Data centers are undergoing a decisive shift towards accelerated computing, driven by the momentum of AIGC. To meet the growing demands of high-performance computing (HPC), artificial intelligence, and expanded infrastructure, there is a clear need to accelerate interconnectivity and deploy smarter network solutions. Against this backdrop, InfiniBand products have emerged as a focal point of industry attention, meticulously addressing these pressing needs.

Basics of InfiniBand

InfiniBand is a high-speed, low-latency interconnect technology primarily used in data centers and high-performance computing (HPC) environments. It provides a high-performance fabric for connecting servers, storage devices, and other network resources within clusters or data centers. Overall, InfiniBand technology offers the following advantages: high speed and scalability, low latency, and low power consumption.
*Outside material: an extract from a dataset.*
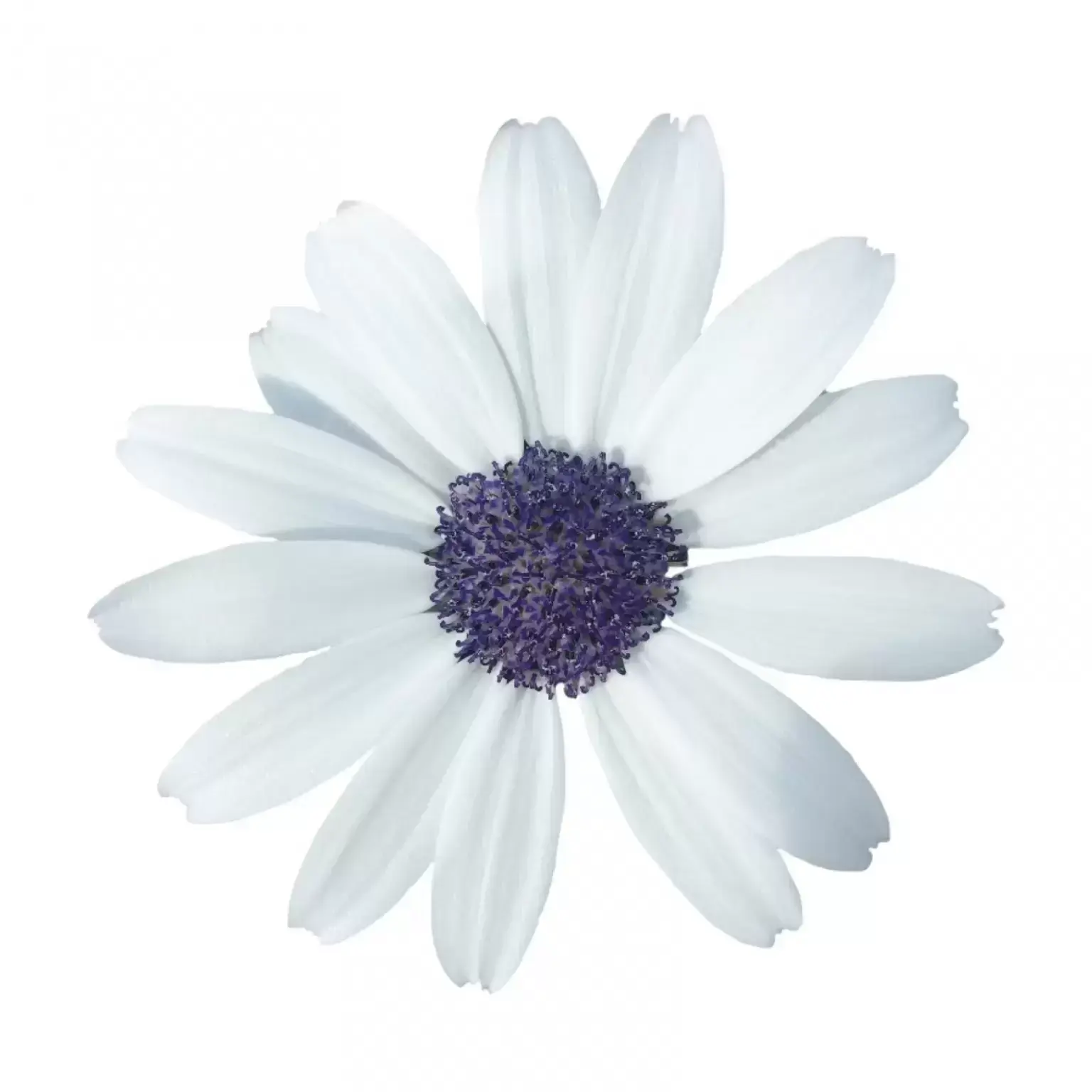 - Pure white flowers with a striking dark blue centre
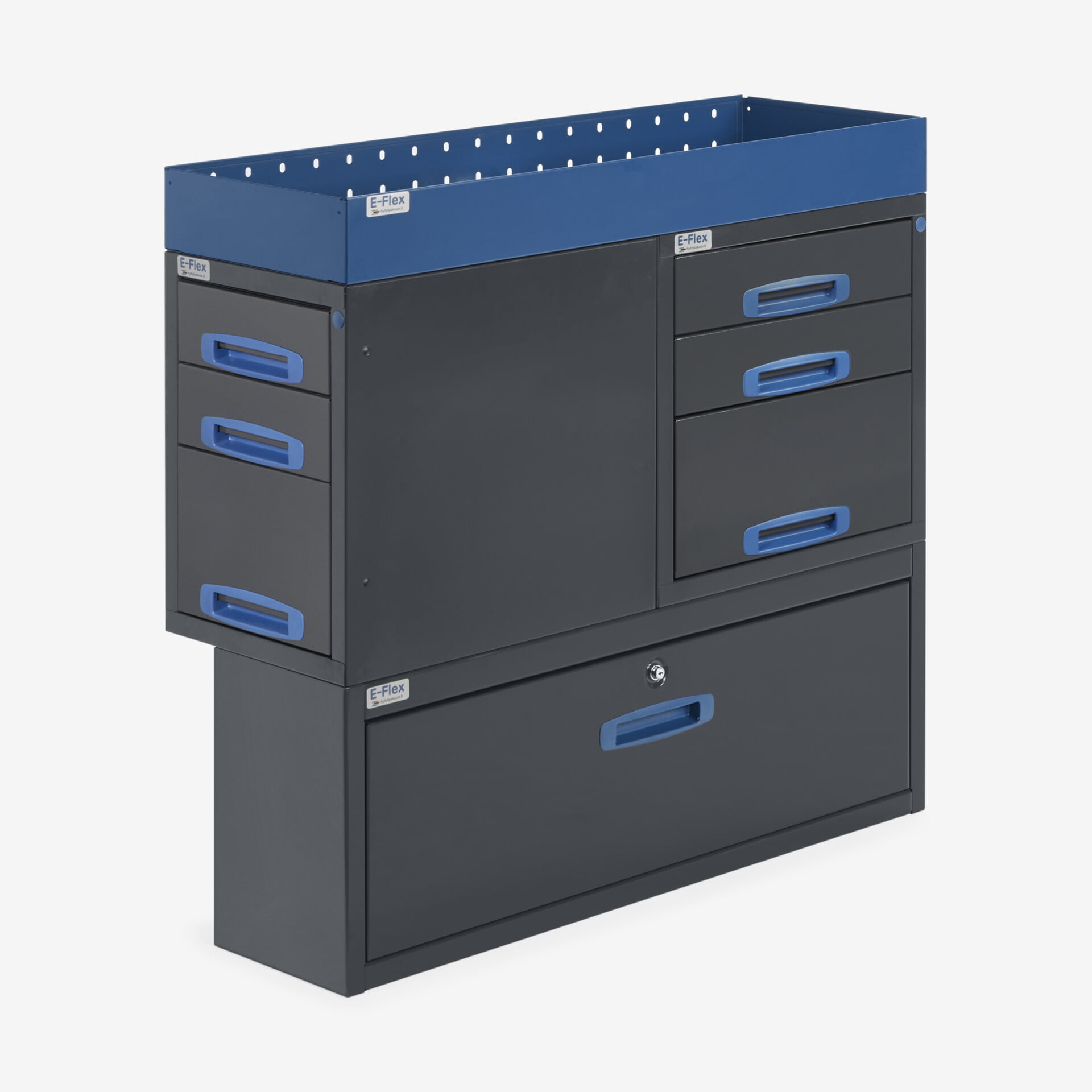 1 kpl päädystä aukeava kolmen vetolaatikon moduuli (1kpl 20cm ja 2kpl 10cm) sis. 3kpl tilanjakajaa/laatikko

InfiniBand in HPC Networking

In the field of high-performance computing (HPC), high-speed interconnect (HSI) networks play a crucial role in system performance and efficiency. As one of the fastest-developing HSI technologies, InfiniBand offers bandwidth of up to 200Gbps and point-to-point latency of less than 0.6 microseconds, providing robust support for building high-performance computing clusters.

With the high-speed networking capabilities of InfiniBand, HPC systems can effectively combine multiple servers to achieve linear performance scalability. Therefore, the importance of InfiniBand technology in the HPC field is not only reflected in enhancing the performance of computing clusters but also in providing essential support for data centers of different scales, driving the overall development of the HPC ecosystem.

For more information about InfiniBand, please refer to Getting to Know about InfiniBand.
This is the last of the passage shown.